KIRYAT ONO, Israel, Aug 9 (Reuters) - Partner Communications , Israel’s second-largest mobile phone operator, said on Wednesday it would push ahead with the development of a nationwide high-speed fibre optic network to make it more of an integrated multi-service telecoms group.
Partner’s revenue and profit has plunged in the wake of a 2012 reform that opened up the mobile market to a host of new players that sharply brought down prices.
As a result it has sought to join the worldwide industry trend towards offering so-called multi-play packages of mobile and fixed line telephony and internet services and last month launched a new internet-based TV service offering cut-rate packages in partnership with Netflix.
In the past few months Partner has also connected up about 30,000 homes to its ultra-fast fibre network in 20 cities, mainly in the centre of the country including Jerusalem and Tel Aviv.

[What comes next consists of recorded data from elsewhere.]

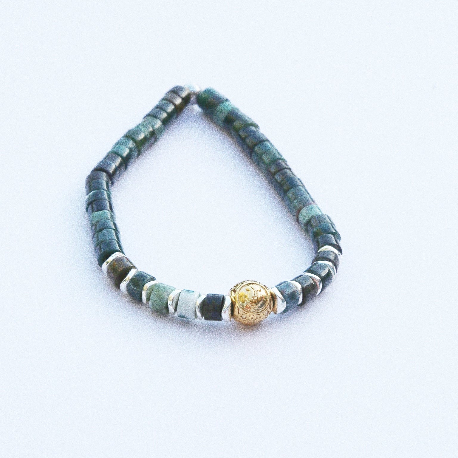 La perle centrale dorée sculptée du symbole de la vierge symbolise la lumière intérieure, la précision et la sagesse. Elle ajoute une touche masculine et raffinée, parfaitement en harmonie avec le style sobre et naturel du bracelet.
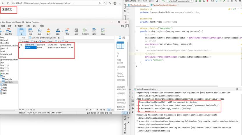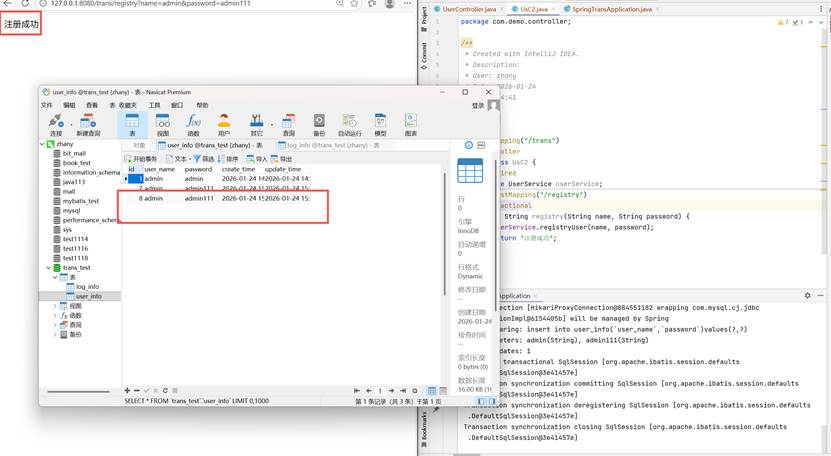 这里无论写什么都不会保存到数据库中去,因为在这一步,我们把数据进行了回滚,所以后续的操作都是无效的
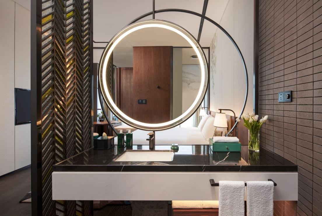 入住后,客人即可在苏州古运河英迪格酒店276间豪华舒适的客房中尽情享受。客房建筑与走廊中引入的主题相结合,运用苏州美丽而精心规划的园林构造,在空间的不同区域将过滤景观和框架景观组合起来。室内设计团队从苏式园林花窗所创造的轮廓中汲取灵感,将屏风与彩色玻璃镶嵌在一起,过滤对浴室的视线,既能保证隐私,又能在两个房间之间形成鲜明的照明对比。一面圆形镜子悬挂在浴室的岛式梳妆台上,与屏风并立,将卧室的景观嵌入框内。

These customers receive Internet speeds of up to 1 gigabit per second, 10 times what is currently available elsewhere.
“By the end of the year we will more than double what we have done now,” Partner’s Chief Executive Isaac Benbenisti told a news conference in reference to the 30,000 homes which have been hooked up to fibre so far.
To cover all of Israel would take “four to five years,” he said.
Although Israelis can receive Internet speeds of up to 100 megabits, the country averaged just 13.7 megabits per second in the first quarter for 33rd place globally, according to the most recent Akami State of the Internet report.
With profits low, Partner will pay for expanding its fibre optics network to customers’ homes through cost cutting measures and increasing its debt, Benbenisti told Reuters.
In May Partner reported a first-quarter net profit of 51 million shekels ($14 million), a 264 increase from a year earlier and its best quarter in more than a year.
“We are not looking to do dividends,” Benbenisti said. “We are rearranging the capital structure of the company.”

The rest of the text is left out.